Influence of Mechanical Activation on Acid Leaching Dephosphorization of High-phosphorus Iron Ore Concentrates

High pressure roll grinding (HPRG) and ball milling were compared to investigate the influence of mechanical activation on the acid leaching dephosphorization of a high-phosphorus iron ore concentrate, which was manufactured through magnetizing roasting-magnetic separation of high-phosphorus oolitic iron ores. The results indicated that when high-phosphorus iron ore concentrates containing 54.92 mass % iron and 0.76 mass % phosphorus were directly processed through acid leaching, iron ore concentrates containing 55.74 mass% iron and 0.33 mass % phosphorus with an iron recovery of 84.64 % and dephosphorization of 63.79 % were obtained. When high-phosphorus iron ore concentrates activated by ball milling were processed by acid leaching, iron ore concentrates containing 56.03 mass % iron and 0.21 mass% phosphorus with an iron recovery of 85.65% and dephosphorization of 77.49 % were obtained. Meanwhile, when high-phosphorus iron ore concentrates activated by HPRG were processed by acid leaching, iron ore concentrates containing 58.02 mass% iron and 0.10 mass% phosphorus were obtained, with the iron recovery reaching 88.42% and the dephosphorization rate reaching 88.99%. Mechanistic studies demonstrated that ball milling can reduce the particle size, demonstrating a prominent reunion phenomenon.

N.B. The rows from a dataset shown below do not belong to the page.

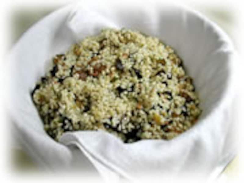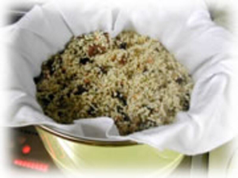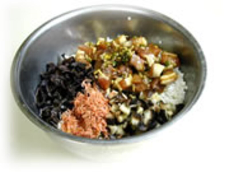| 3・ボールに水気を切ったもち米、調味料につけた豚肉とつけ汁、それぞれ1cm角に切ったシイタケ、キクラゲ、茹でタケノコ、干しえび、シイタケの戻し汁を合わせて、2時間程つけておきます。 | 4・下にボールをおき、ざるに大きめの布巾を広げ味がしみ込んだおこわの材料を入れます。 残ったつけ汁は取っておきます。 |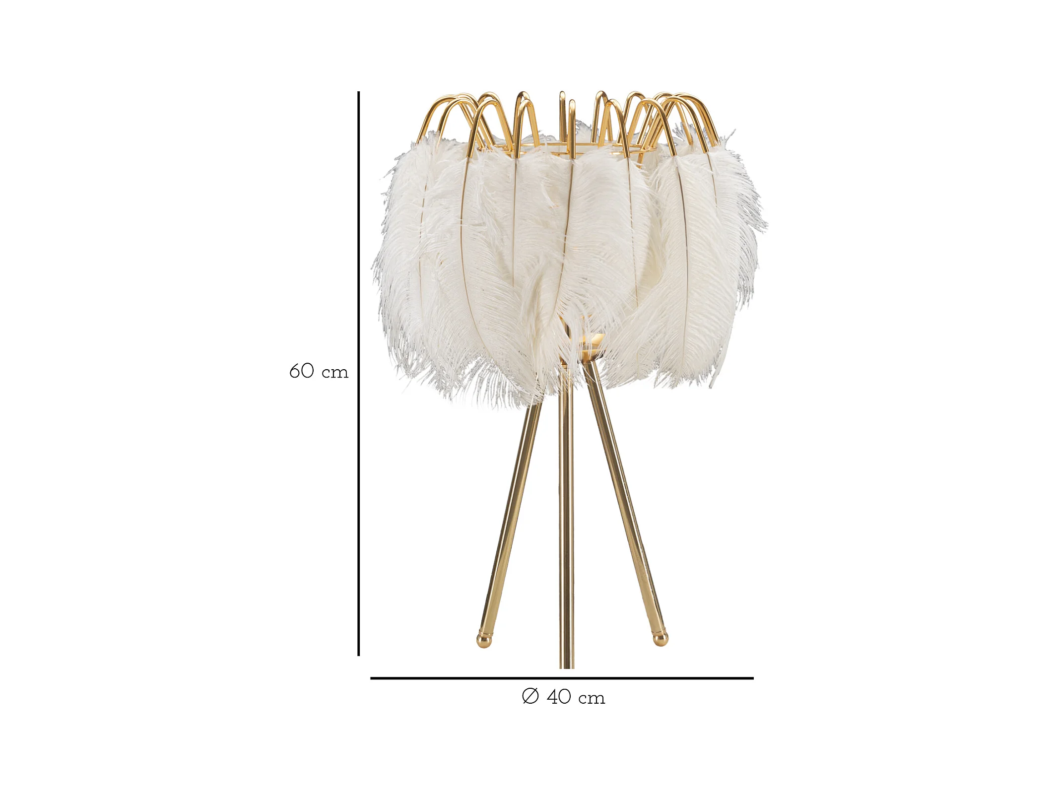 Lampe à Poser Imitation Plume "Diamon" 55cm Or & Blanc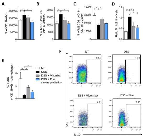 We have then investigated the effect of in vivo treatment with probiotics on macrophages, the largest population of immune cells most found in the lamina propria of the colon [42,43] (Figure 7). Of interest, both formulations of probiotics reduced the number of total macrophages (CD11b+Gr1-) and the number of M1 subsets (CD11b+Gr1-CD11c+CD206-) detected in the colon of mice administered DSS (Figure 7A,B). However, only the Five strains probiotics had a statistically significant effect (Figure 7A,B). In contrast, we were unable to detect change either on the percentage of total marginalized macrophages in the lamina propria or on the percentage of the M1 subpopulation (Figure S1D). On the other hand, both probiotic mixtures increased the number and the frequency of M2 macrophages (CD11b+Gr1-CD11c-CD206+) and the percentage of IL-10+ macrophages as demonstrated by the decrease in the ratio of M1/M2 macrophages (Figure 7C–F and Figure S1D). Together, these data suggest that Vivomixx® exerted a greater effect in inducing the expansion of anti-inflammatory macrophages if compared with the Five strains probiotics (Figure 7C–F).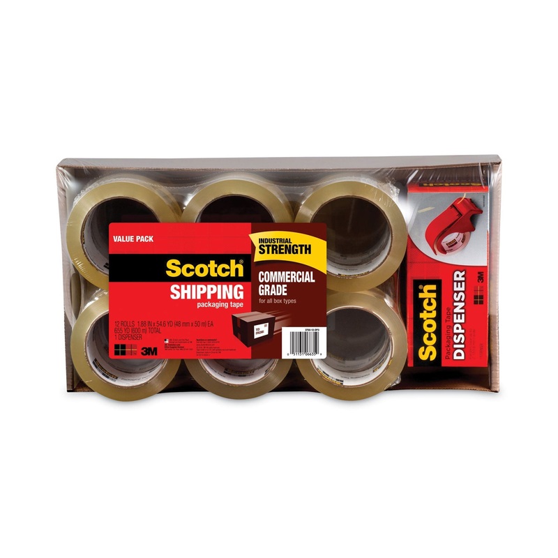 Mailroom professionals need the super strong, reliable seal of Scotch Commercial Grade Shipping Packaging Tape. Heavy duty, hot melt, solvent free adhesive combined with polypropylene backing keeps out moisture, dust and dirt and assures reliable closures. Designed for industrial use, one strip at a time instead of many layers seals your package securely. Resistance to splitting and slivering saves time, while a release coating makes unwind easy. Tough jobs demand the right tools. For packaging boxes, Scotch Commercial Grade Shipping Packaging Tape is the best tool for jobs that demand heavy duty performance. Premium Value PackIncludes Scotch DP300 handheld packaging tape dispenser. Grade: Heavy-Duty; Core Size: 3″; Dispenser Included: Yes; Adhesive Material: Hot Melt Synthetic Rubber.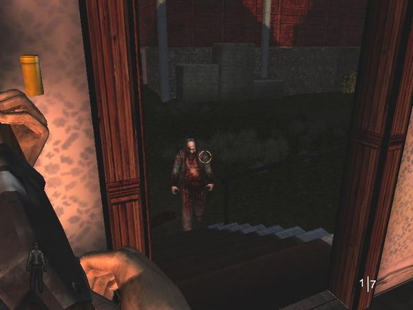 進(jìn)入廁所是一個(gè)喪尸,使用打火機(jī),照亮喪尸,然后使用手槍射擊喪尸。需要射4槍。

In contrast, HPRG pretreatment contributes to the formation of more cracks within the particles and selective dissociation of iron and P bearing minerals, which can provide the favorable kinetic conditions to accelerate the solid-liquid reaction rate. As such, the crystal structure is destroyed and the surface energy of mineral particles is strengthened by mechanical activation, further strengthening the dephosphorization.